Шрифт:
«Разрушитель» был слишком вёрток для планетарных пушек.
…У Феликса Кришеина оставалось примерно три секунды, чтобы понять, что происходит. Самые страшные секунды в его обрывающейся жизни.
Звёздный Дом взорвался изнутри. Клубящееся пламя хлынуло в пустоту, словно там, внутри, весь воздух обратился в одно огненное облако. Разнося переборки и стены, дробя и плавя броню, оно, это облако, чудовищным зверем глянуло в лицо Великой Пустоте… и умерло, поражённое вечным холодом. Гореть здесь было больше нечему.
Чёрный и мёртвый остов плыл по орбите дальше…
* * *
– Мы не успели, – Исайя схватился за голову. Орбитальная станция медленно двигалась под ними. Точнее, её скелет.
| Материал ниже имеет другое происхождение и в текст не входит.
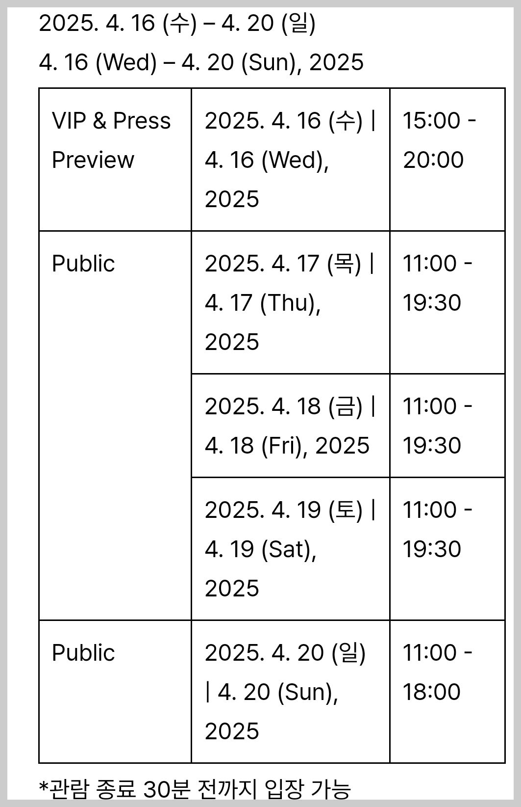 | 2025 BAMA 바마 예매 부산국제화랑아트페어 벡스코전시 (0) | 2025.03.27 |
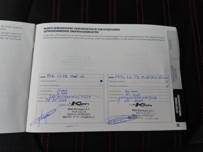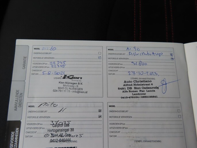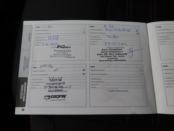 De complete documentatie van alle onderhoudsfacturen zitten bij de auto.

– Какие потери, какие потери!.. – шептал координатор.
– Вижу её, – разлепил спёкшиеся губы Твердислав.
Внутри у него всё ходило ходуном. Неужели ему сейчас придётся схватиться с Джейаной, с его Джей, с которой проведено вместе столько сладких ночей, с которой они дрались плечом к плечу и поднимали клан в атаку?.. Неужто им сейчас придётся убивать друг друга?
Но задуманное ею поистине чудовищно. Невинные – там, внизу. Твердиславичи, ради которых она не щадила жизни… Как же можно, что с ней случилось?
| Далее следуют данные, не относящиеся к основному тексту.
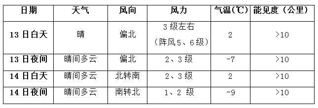 预计13日至14日,北京地区天气以晴为主,13日白天有3级左右偏北风,阵风5 、6级。期间能见度总体较好,气温较低。具体预报如下:

– Постарайся подбить ей двигатели, – глухо сказал Исайя.
– Я? – опешил Твердислав.
– Конечно, ты. У меня уже не та быстрота, чтобы сладить с ней.
– А разве не машины…
– Машины – да. Но они слишком прямолинейны. Нам то и дело придётся брать управление на себя – иначе всё кончится вечной ничьей. Корабли одинаковы, и вычислители на них одинаковой мощности…
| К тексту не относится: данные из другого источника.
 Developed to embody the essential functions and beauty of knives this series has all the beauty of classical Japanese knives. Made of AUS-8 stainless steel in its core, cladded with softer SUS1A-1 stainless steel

Твердислав стиснул зубы и поглубже вжался в кресло, налаживая мысленную связь с кораблём, чуть ли не становясь им, ощущая все его пушки и двигатели как продолжение собственного тела. Он не сомневался, что точно так же поступает сейчас и Джей. Не дура ведь она в самом деле!
Он был совершенно прав.
* * *
Ну, вот мы и у цели. Теперь дело за малым – сжигая двигатели, выплюнуть огненный сгусток в этот проклятый мир… чтобы навеки не осталось там ни слуг, ни господ, ни тех, кто обманывает, и ни тех, кто готов положить жизнь за этот обман. Она прервёт эту чудовищную ложь – чего бы это ни стоило.
– Угроза. Задняя полусфера, – забеспокоился корабль.
И тотчас же ожила связь.
– Джей, это я, Твердислав. Джей, остановись, одумайся, там же внизу – наши!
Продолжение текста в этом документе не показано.